## Listed entries

┌────────

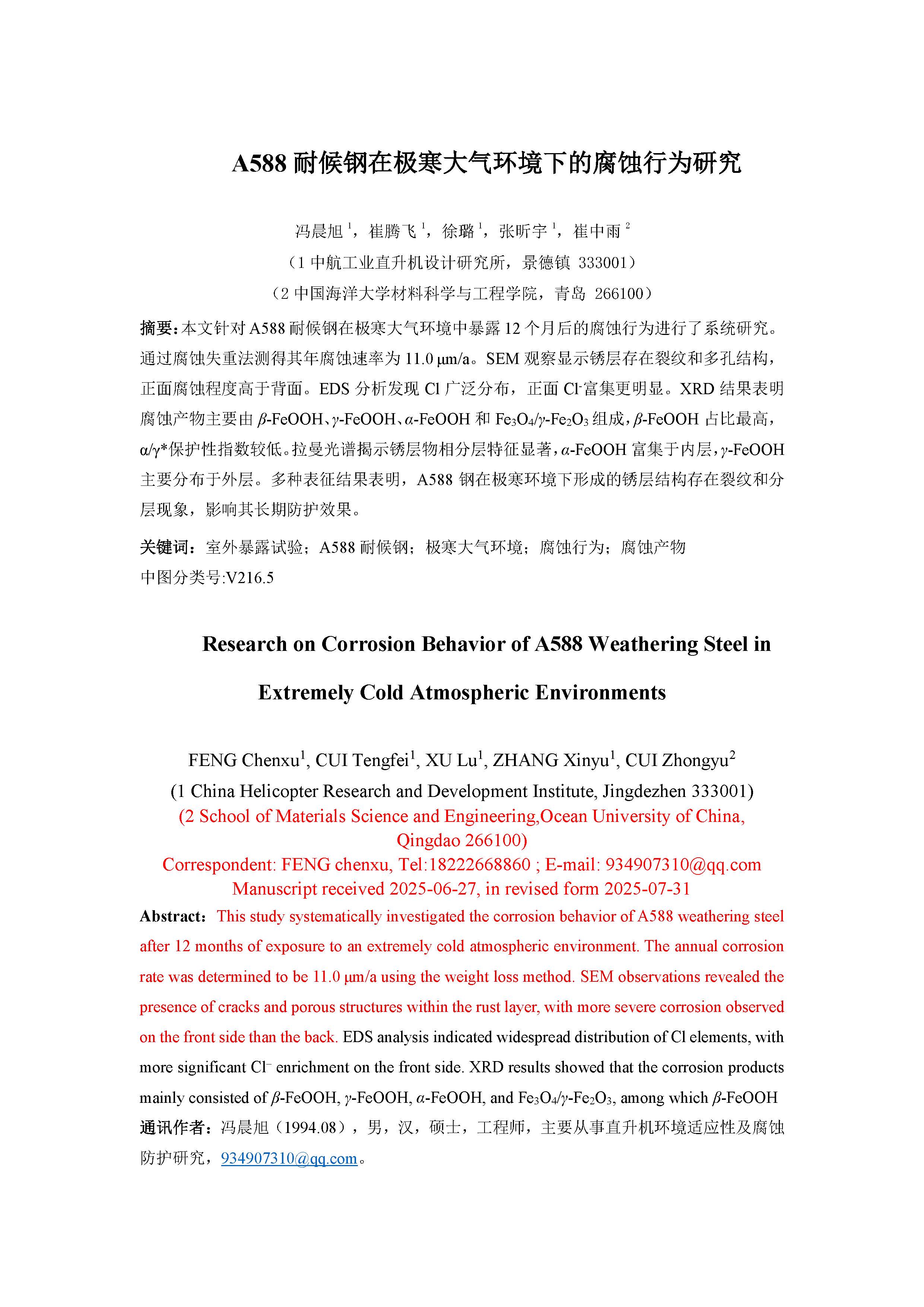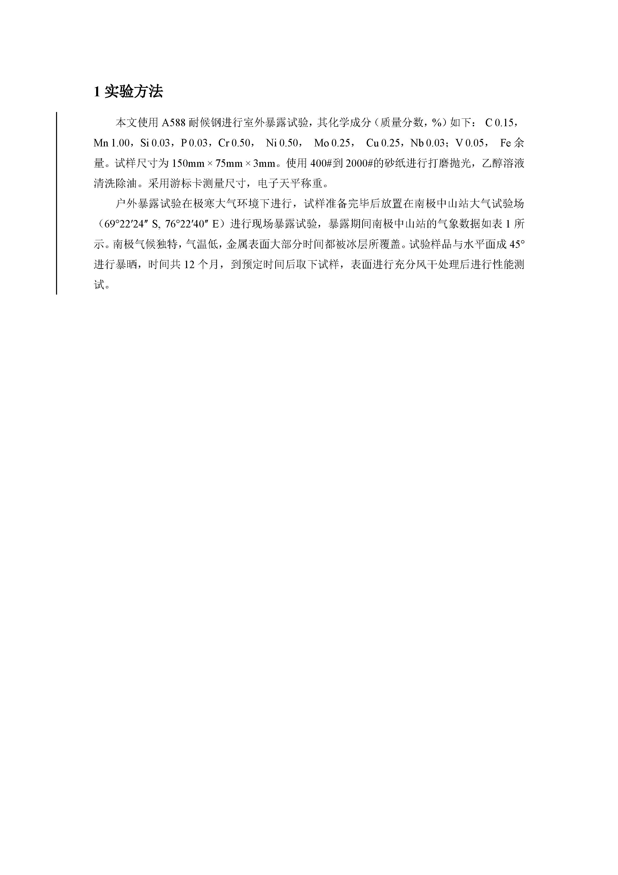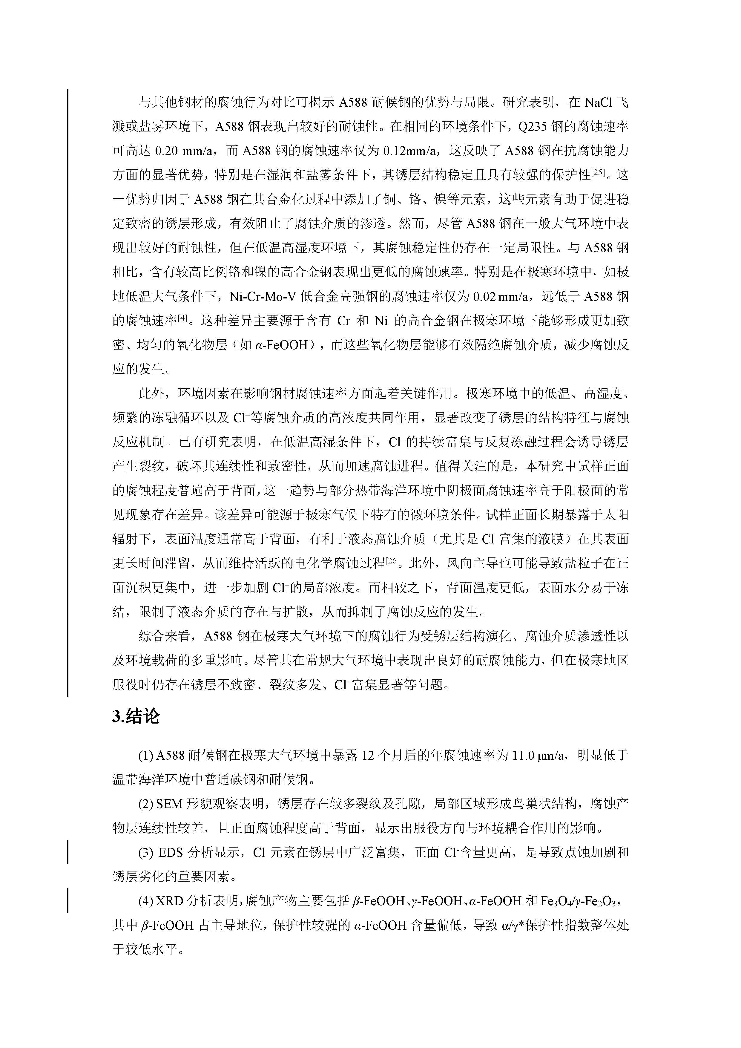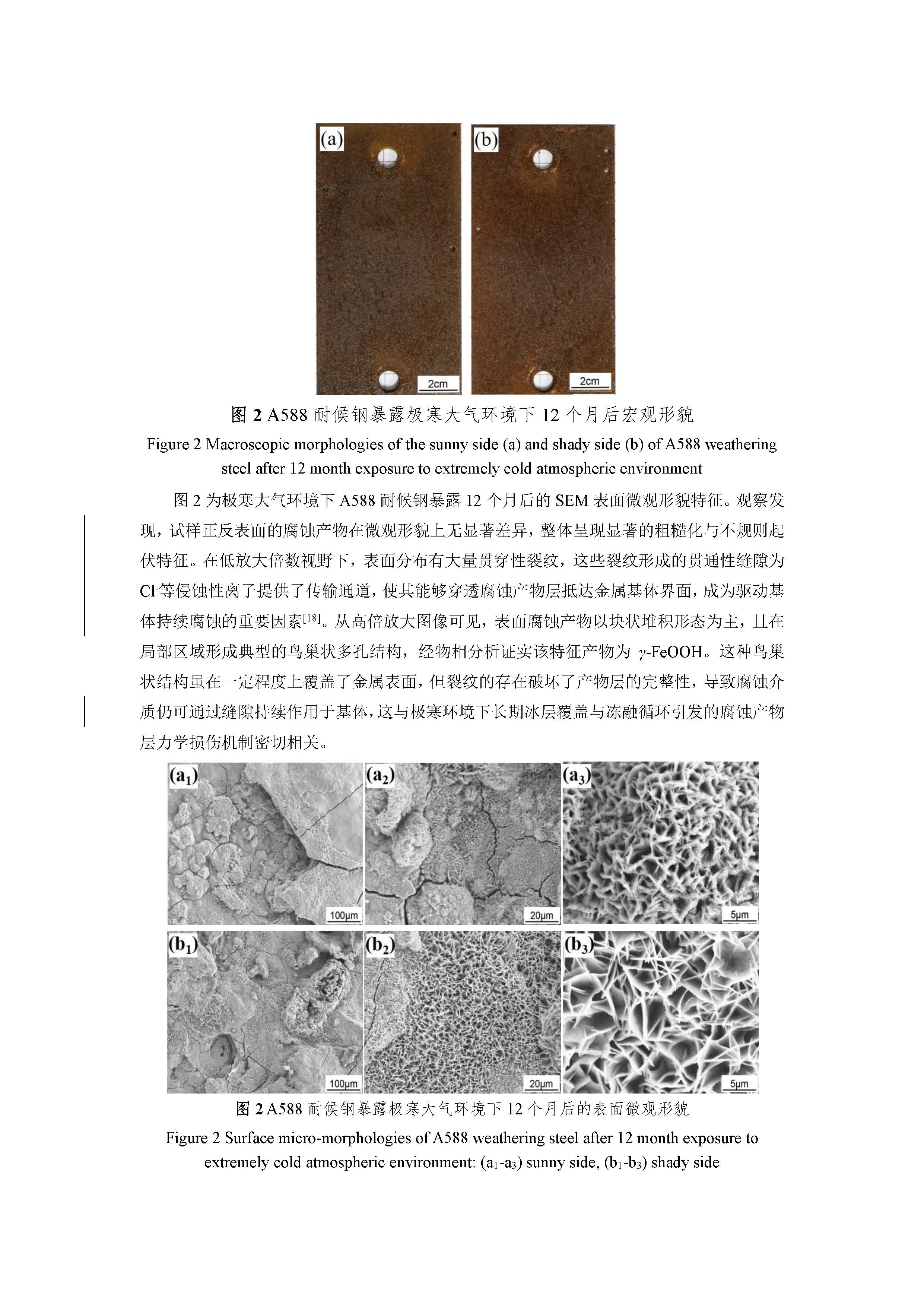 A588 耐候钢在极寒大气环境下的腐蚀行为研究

└────────
┌────────

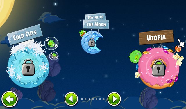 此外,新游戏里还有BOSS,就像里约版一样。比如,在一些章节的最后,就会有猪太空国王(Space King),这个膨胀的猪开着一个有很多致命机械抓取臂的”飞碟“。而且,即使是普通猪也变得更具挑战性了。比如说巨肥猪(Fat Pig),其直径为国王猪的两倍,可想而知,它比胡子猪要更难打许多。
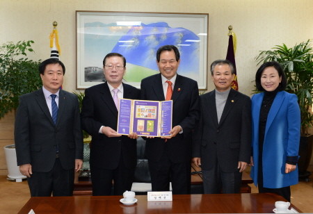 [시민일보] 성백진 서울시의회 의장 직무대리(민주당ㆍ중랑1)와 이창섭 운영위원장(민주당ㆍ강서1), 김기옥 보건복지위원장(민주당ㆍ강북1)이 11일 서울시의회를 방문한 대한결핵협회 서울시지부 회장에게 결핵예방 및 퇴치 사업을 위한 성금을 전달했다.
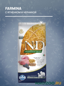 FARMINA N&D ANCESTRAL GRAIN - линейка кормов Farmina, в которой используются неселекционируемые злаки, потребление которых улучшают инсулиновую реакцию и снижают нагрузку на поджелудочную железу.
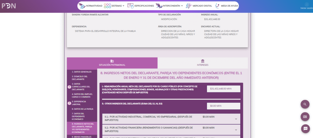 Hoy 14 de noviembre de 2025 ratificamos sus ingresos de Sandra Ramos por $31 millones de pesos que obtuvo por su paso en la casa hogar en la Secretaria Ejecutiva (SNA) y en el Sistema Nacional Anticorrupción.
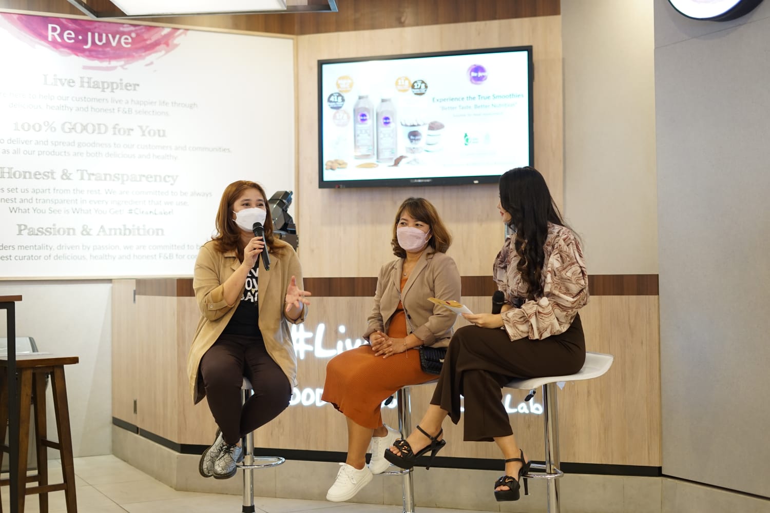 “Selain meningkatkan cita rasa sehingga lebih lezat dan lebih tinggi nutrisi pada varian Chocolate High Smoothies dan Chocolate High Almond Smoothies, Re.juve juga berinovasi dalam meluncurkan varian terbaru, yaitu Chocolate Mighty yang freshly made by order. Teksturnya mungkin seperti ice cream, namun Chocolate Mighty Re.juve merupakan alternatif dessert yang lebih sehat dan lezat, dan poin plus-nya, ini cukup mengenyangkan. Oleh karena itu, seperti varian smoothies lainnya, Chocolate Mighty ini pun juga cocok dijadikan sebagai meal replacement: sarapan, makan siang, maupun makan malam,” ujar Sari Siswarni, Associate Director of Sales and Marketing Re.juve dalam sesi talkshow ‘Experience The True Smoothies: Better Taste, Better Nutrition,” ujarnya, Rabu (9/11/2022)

└────────
┌────────

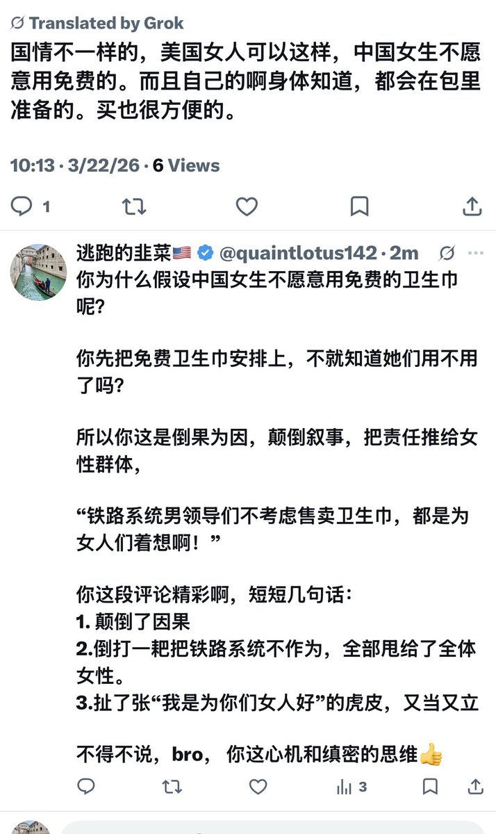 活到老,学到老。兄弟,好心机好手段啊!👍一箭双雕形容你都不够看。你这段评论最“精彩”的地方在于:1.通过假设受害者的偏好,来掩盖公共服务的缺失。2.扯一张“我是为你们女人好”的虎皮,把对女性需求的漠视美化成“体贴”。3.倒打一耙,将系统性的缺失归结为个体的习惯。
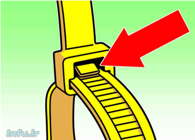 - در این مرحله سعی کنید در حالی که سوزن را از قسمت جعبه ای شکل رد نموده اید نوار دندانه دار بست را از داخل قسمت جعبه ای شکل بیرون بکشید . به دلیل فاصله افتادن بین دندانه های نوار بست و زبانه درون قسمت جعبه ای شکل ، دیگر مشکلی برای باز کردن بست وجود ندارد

└────────

## Work required
The lines to set down run from the line with "[시민일보] 성백진 서울시의회" up to and including the line with "ujarnya, Rabu (9/11/2022)" in the entries above. Reproduce them exactly, with no pictures.

## Output below
 [시민일보] 성백진 서울시의회 의장 직무대리(민주당ㆍ중랑1)와 이창섭 운영위원장(민주당ㆍ강서1), 김기옥 보건복지위원장(민주당ㆍ강북1)이 11일 서울시의회를 방문한 대한결핵협회 서울시지부 회장에게 결핵예방 및 퇴치 사업을 위한 성금을 전달했다.
 FARMINA N&D ANCESTRAL GRAIN - линейка кормов Farmina, в которой используются неселекционируемые злаки, потребление которых улучшают инсулиновую реакцию и снижают нагрузку на поджелудочную железу.
 Hoy 14 de noviembre de 2025 ratificamos sus ingresos de Sandra Ramos por $31 millones de pesos que obtuvo por su paso en la casa hogar en la Secretaria Ejecutiva (SNA) y en el Sistema Nacional Anticorrupción.
 “Selain meningkatkan cita rasa sehingga lebih lezat dan lebih tinggi nutrisi pada varian Chocolate High Smoothies dan Chocolate High Almond Smoothies, Re.juve juga berinovasi dalam meluncurkan varian terbaru, yaitu Chocolate Mighty yang freshly made by order. Teksturnya mungkin seperti ice cream, namun Chocolate Mighty Re.juve merupakan alternatif dessert yang lebih sehat dan lezat, dan poin plus-nya, ini cukup mengenyangkan. Oleh karena itu, seperti varian smoothies lainnya, Chocolate Mighty ini pun juga cocok dijadikan sebagai meal replacement: sarapan, makan siang, maupun makan malam,” ujar Sari Siswarni, Associate Director of Sales and Marketing Re.juve dalam sesi talkshow ‘Experience The True Smoothies: Better Taste, Better Nutrition,” ujarnya, Rabu (9/11/2022)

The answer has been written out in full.